Periodicamente, o IAM adiciona novas versões de aplicação de limite de acesso de principal que podem bloquear outras permissões. Cada nova versão também pode bloquear todas as permissões da versão anterior.

Esta página lista as permissões que cada versão de aplicação pode bloquear.

Para saber mais sobre os números de versão da política de limite de acesso principal, consulte a visão geral da política de limite de acesso principal.

Versão de aplicação 2

Políticas com a versão de aplicação 2 podem bloquear todas as permissões listadas na versão de aplicação 1. Além disso, as políticas com a versão de aplicação 2 também podem bloquear todas as permissões listadas na tabela a seguir.

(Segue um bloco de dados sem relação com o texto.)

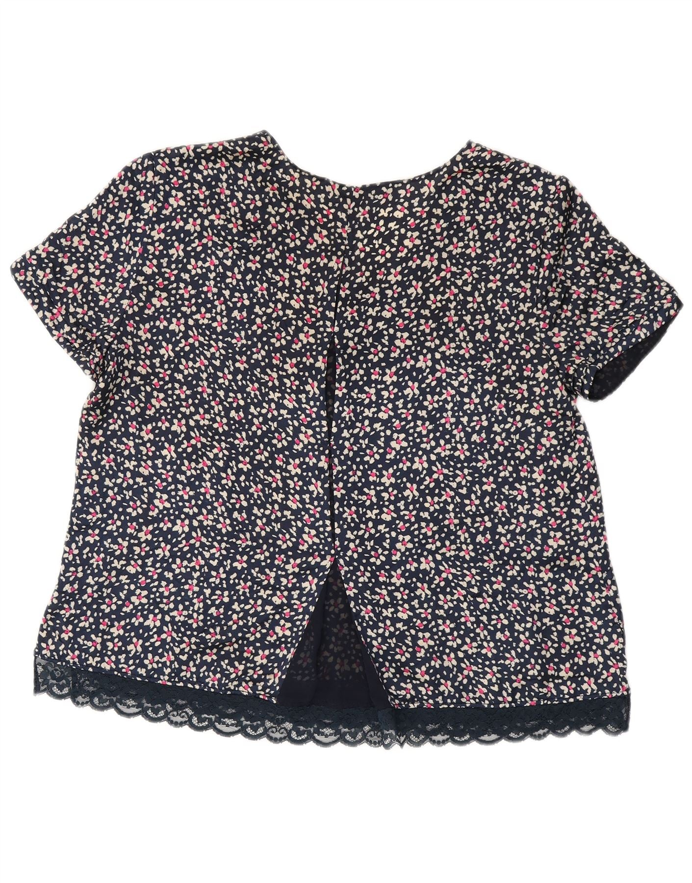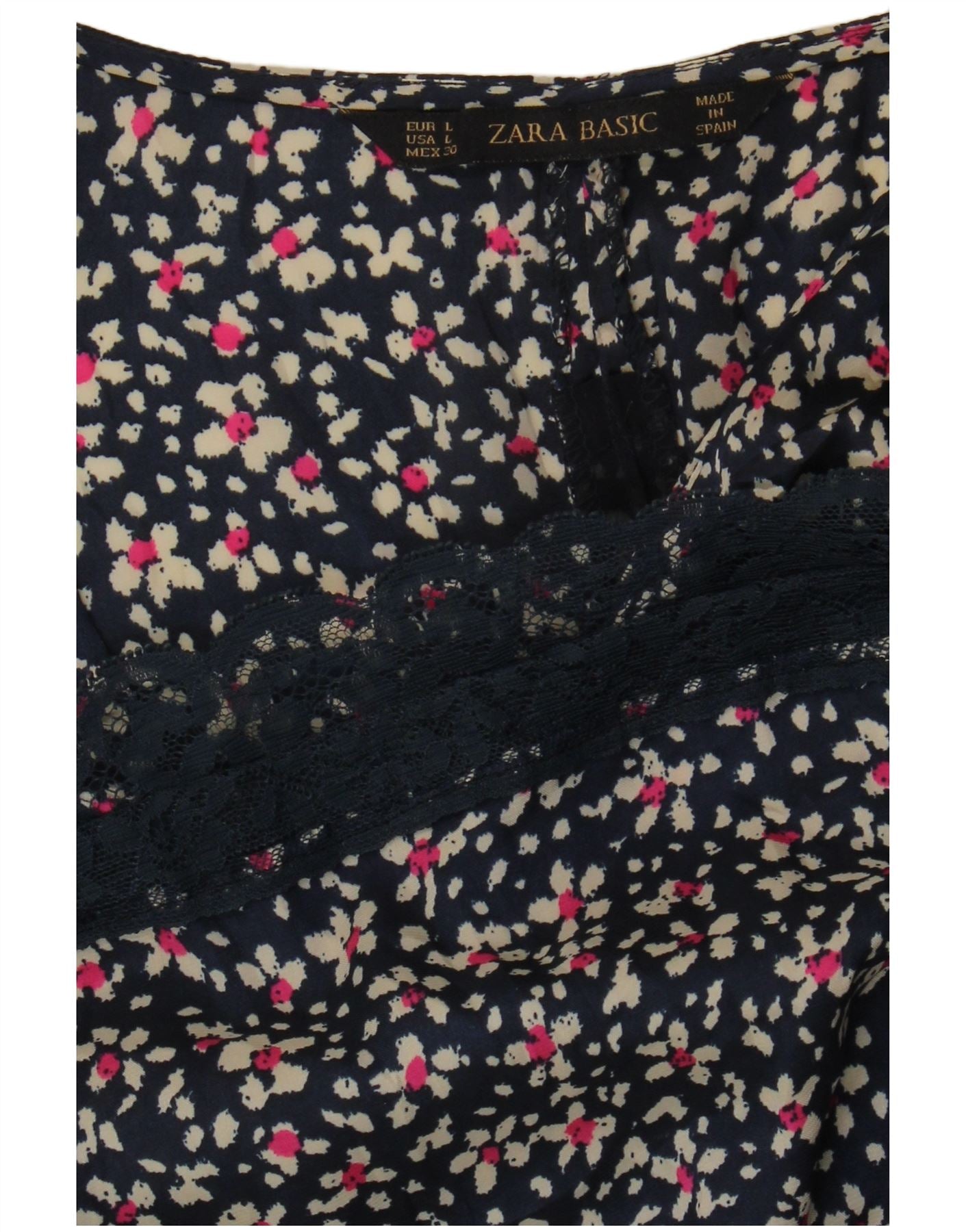 ZARA Camicetta da Donna Top UK 16 Grande Blu Navy Floreale

Cada linha contém as seguintes informações:

  • O nome de um serviço com permissões que as políticas de limite de acesso principal podem bloquear.

  • As permissões para esse serviço que as políticas de limite de acesso principal podem bloquear.

    Em alguns casos, uma seção de um nome de permissão é substituída por um caractere curinga (*). Esse formato indica que as políticas de limite de acesso de principal podem bloquear todas as permissões que correspondem a esse padrão.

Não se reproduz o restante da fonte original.